Hey, I made a meme, inspired by the troubles besetting Trump’s transition team.
In case you haven’t been following the issue, here are a few just slightly alarming quotes from a Huffington Post piece on the chaos.
Donald Trump’s transition team is nearing a state of stasis, causing concern among both Democrats and Republicans in Washington that his White House will be woefully ill-prepared once he is inaugurated. …
The disarray has left agencies virtually frozen, unable to communicate with the people tasked with replacing them and their staff. Trump transition team officials were a no-show at the Pentagon, the Washington Examiner reported. Same goes for the Department of Energy, responsible for keeping the nation’s nuclear weapons safe, where officials had expected members of the Trump transition team on Monday. Ditto for the Department of Transportation. Over at the Justice Department, officials also are still waiting to hear from the Trump team. …

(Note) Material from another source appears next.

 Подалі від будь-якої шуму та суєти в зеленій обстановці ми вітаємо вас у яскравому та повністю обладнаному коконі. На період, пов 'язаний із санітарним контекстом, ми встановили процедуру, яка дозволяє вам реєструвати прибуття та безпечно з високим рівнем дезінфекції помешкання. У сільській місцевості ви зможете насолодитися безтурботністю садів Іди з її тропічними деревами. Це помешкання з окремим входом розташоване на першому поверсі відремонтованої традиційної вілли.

According to several sources close to the Trump transition team and inside the Obama administration, the president elect and his staff have had difficulty finding able-minded Republicans willing to take on critical posts. One Democratic source, who like others would only discuss sensitive talks on condition of anonymity, said transition officials had been informally asking Obama political appointees to recommend Republicans to take over their jobs.
Yeah, that’s kind of what happens when you elect a dude who has no freaking idea what he’s doing to the highest office in the land.
Well, my socialist ass is so glad that Newthis wants the senate to resurrect HUAC from its well earned cesspit grave. Can’t wait for Beyonce to get hauled in for public questioning.
hottotrotsky you stole the new page from meeeeeehhhhhh
Silliness aside, Thanksgiving is looking more and more grim for me and my ilk (that is, liberal uni students with red extended family).
Terrifyingly, I have no idea what Donald Trump is doing either.
The one positive aspect I see of the faithless electors issue is that, if they take the election away from Trump, the resulting screams of rage from the white nationalist base will make getting rid of the Electoral Collage a lot easier, even though said Collage is one of the things that has given the white nationalists a lever on power.
The problem, as Falconer and others have said, is that said screams of rage are likely to involve a whole lot of people getting hurt in the process. Also, just taking away the presidency is mostly going to result in more years of obstructionism.
And not only did I misspell ‘College’ twice, but because I run with Javascript disabled, I don’t get an edit button. Arg.
John Oliver‘s final show earlier this week. He’s got some really good suggestions in it.
Troubelle, hugs if you want them. You have dignity and worth. YOU MATTER!! Take the next right step each time.
@Jenora
I get the feeling that that will happen no matter what is done. :/
OT, but does anybody have any suggestions for protecting your privacy online in the face of expanding digital surveillance?
I’m ashamed to admit, I went to sleep on the subject of digital spying, given that it seemed like the G-men were being required to have get warrants and the comm companies weren’t just handing the data over.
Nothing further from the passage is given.